6. Si M. et Mme A... contestent que le loyer mensuel moyen de 2 650 euros retenu par l'administration, au terme de l'évaluation par comparaison opérée par le service vérificateur, ainsi qu'il a été dit au point précédent, puisse constituer une base appropriée pour déterminer la valeur de l'avantage dont ils ne contestent pas avoir bénéficié, ils n'avancent aucun terme de comparaison alternatif à ceux utilisés par le service vérificateur, dont ils ne critiquent pas sérieusement la pertinence, ni ne font état de l'existence d'une contrepartie tangible à l'avantage en cause, ni même de circonstances particulières susceptibles d'expliquer que la SCI Sevran 5050 renonce à percevoir de leur part un loyer, en contrepartie de la mise à disposition de la propriété dans laquelle ils ont établi leur résidence principale, alors qu'ils font eux-mêmes état de l'existence d'un bail qu'ils qualifient de tacite. Dans ces conditions, l'administration doit être regardée comme ayant, par l'évaluation par comparaison à laquelle le service s'est livré, rapporté la preuve, qui lui incombe, de l'existence et de la valeur de l'avantage occulte dont M. et Mme A... ont bénéficié au titre des deux années d'imposition en litige.
En ce qui concerne les dépenses exposées par la société bailleresse et non admises en déduction en tant que charges :
7. Au cours du contrôle dont a fait l'objet la SCI Sevran 5050, la vérificatrice a constaté que cette société avait comptabilisé, en tant que charges des exercices clos en 2016 et en 2017, des dépenses se rapportant à la propriété mise à la disposition de M. et Mme A... à Lamorlaye et correspondant, pour l'essentiel, à des factures établies, le plus souvent au nom et à l'adresse de M. et Mme A..., par des fournisseurs d'électricité et d'eau potable, ainsi que par des entreprises ayant réalisé des interventions d'entretien courant et de maintenance concernant la piscine aménagée dans l'entresol de l'habitation principale. Après avoir constaté que la SCI Sevran 5050 ne justifiait pas de l'intérêt qu'aurait revêtu, pour son exploitation, la prise en charge de ces dépenses, qui n'étaient pas de celles incombant, par nature, au propriétaire, l'administration a remis en cause la déduction de celles-ci des résultats imposables de la SCI Sevran 5050 et a, par ailleurs, regardé les sommes correspondantes comme des avantages occultes imposables au sein du foyer fiscal de M. et Mme A..., leur bénéficiaire, sur le fondement des dispositions du c de l'article 111 du code général des impôts.

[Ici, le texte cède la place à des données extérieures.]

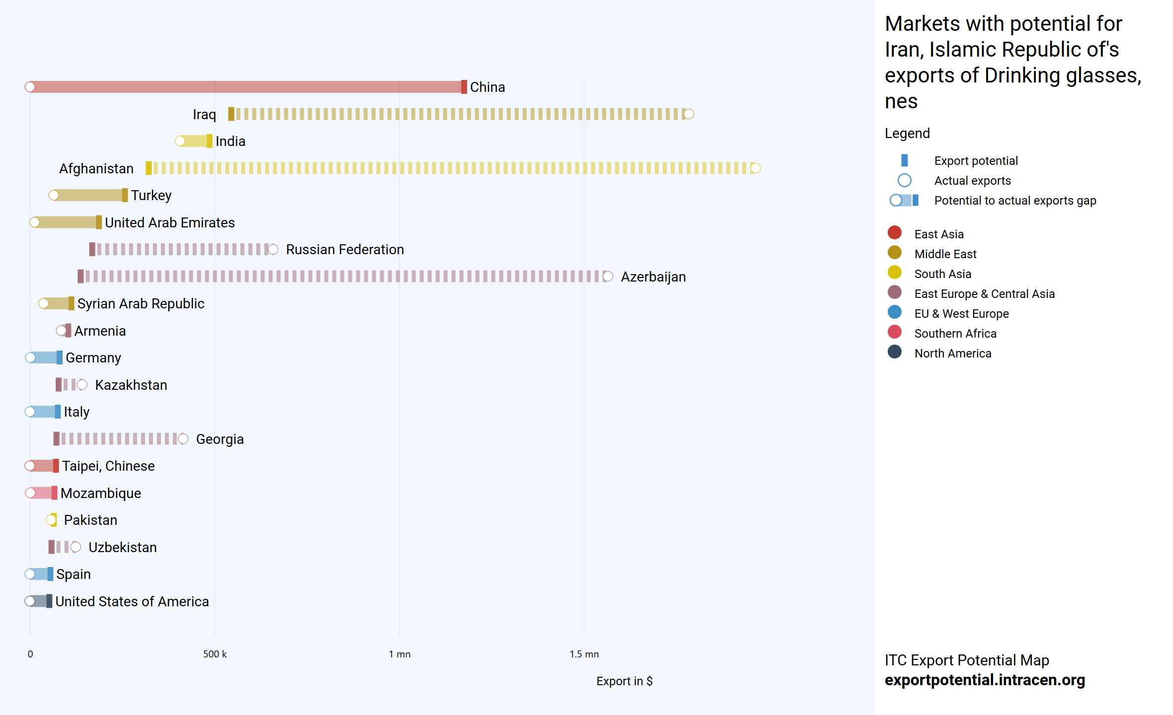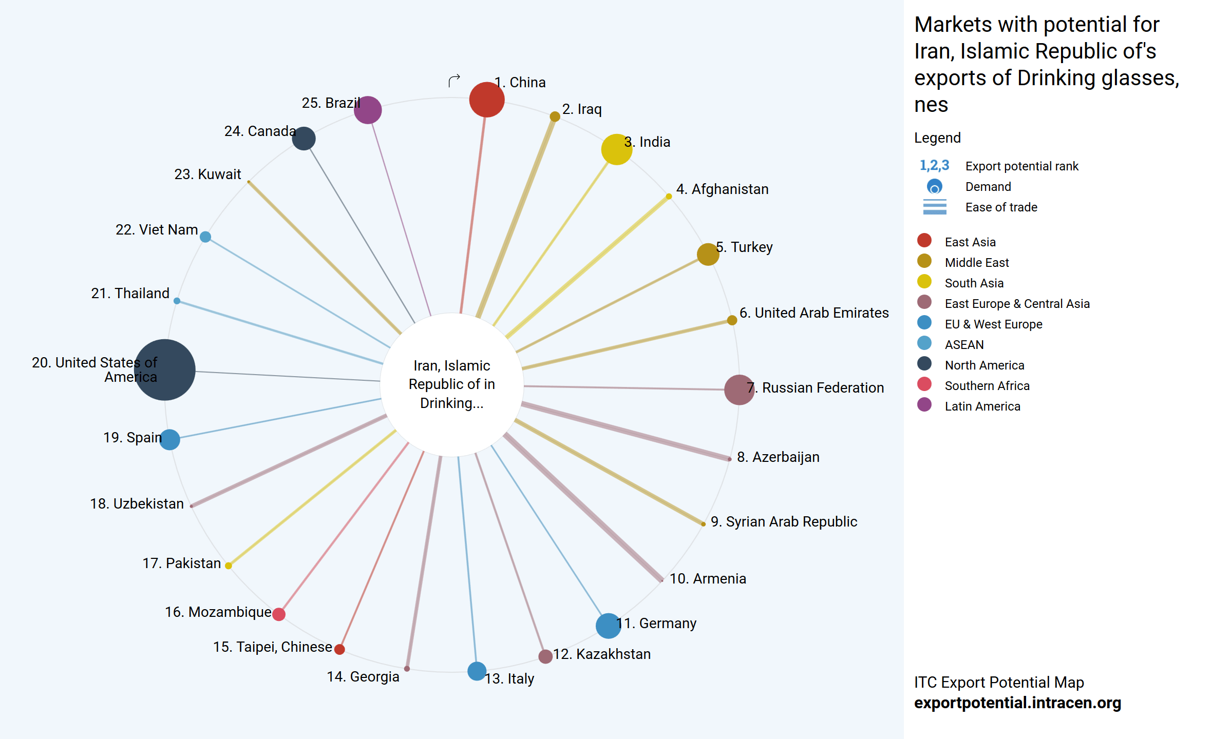 کشورهای عراق، افغانستان، روسیه، آذربایجان، قزاقستان، گرجستان و ازبکستان کشورهای اشباع شده برای صادرات ظروف شیشه ای هستند و بیشتر از ظرفیتشان به آن ها این محصول صادر شده است. در مقابل کشورهای چین، هند، ترکیه، امارات، سوریه، ارمنستان، آلمان و ایتالیا دارای پتانسیل صادراتی بالا هستند.
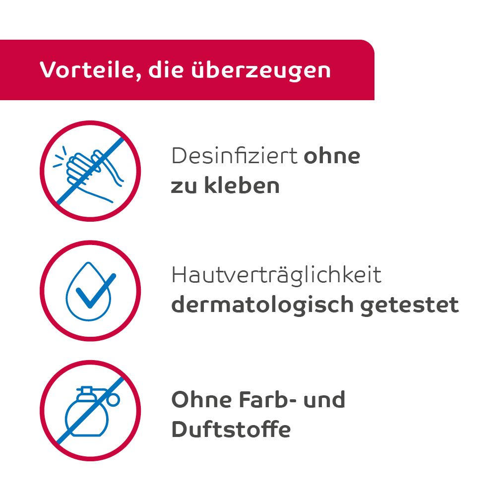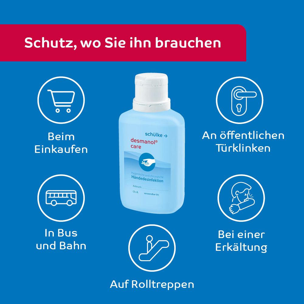 Алкогольная дезинфекция для рук desmanol® care hyclick с ухаживающей формулой для гигиенической и хирургической дезинфекции. Эффективна против бактерий, микобактерий, дрожжей и вирусов. Без красителей и парфюма, с особо бережным уходом за кожей.

8. M. et Mme A... contestent l'analyse ainsi retenue par l'administration et soutiennent que le bail, fût-il tacite, qui les lie à la SCI Sevran 5050 a pu valablement prévoir la prise en charge, par cette société, des dépenses dont la déduction des résultats imposables de cette société a été remise en cause.
9. Toutefois, M. et Mme A... ne justifient par aucune pièce du bail dont ils font état, ni même d'un accord avec la SCI Sevran 5050 en ce qui concerne la prise en charge de ces dépenses, qui, dès lors qu'elles se rapportent à des consommations et frais d'abonnement d'électricité et d'eau, ainsi qu'à des opérations d'entretien courant de la piscine, ce dont l'administration s'est assurée, comme le confirme le ministre, et ce qui n'est pas contesté, sont de celles qui incombent, par nature, au locataire ou que le propriétaire, s'il les a exposées, est fondé à récupérer auprès du locataire en application de l'article 7 de la loi n° 89-462 du 6 juillet 1989 tendant à améliorer les rapports locatifs et portant modification de la loi n° 86-1290 du 23 décembre 1986, et de l'article 1er du décret n°87-713 du 26 août 1987, pris pour l'application de cette dernière loi. Enfin, la circonstance que la déduction des résultats imposables de la SCI Sevran 5050 d'autres dépenses exposées, au cours des années d'imposition en litige, en ce qui concerne la propriété en cause, telles que le remplacement d'une chaudière ou de l'un des composants d'un déshumidificateur équipant la piscine, lesquelles interventions excèdent l'entretien courant, a été admise demeure sans incidence sur le bien-fondé de l'analyse de l'administration.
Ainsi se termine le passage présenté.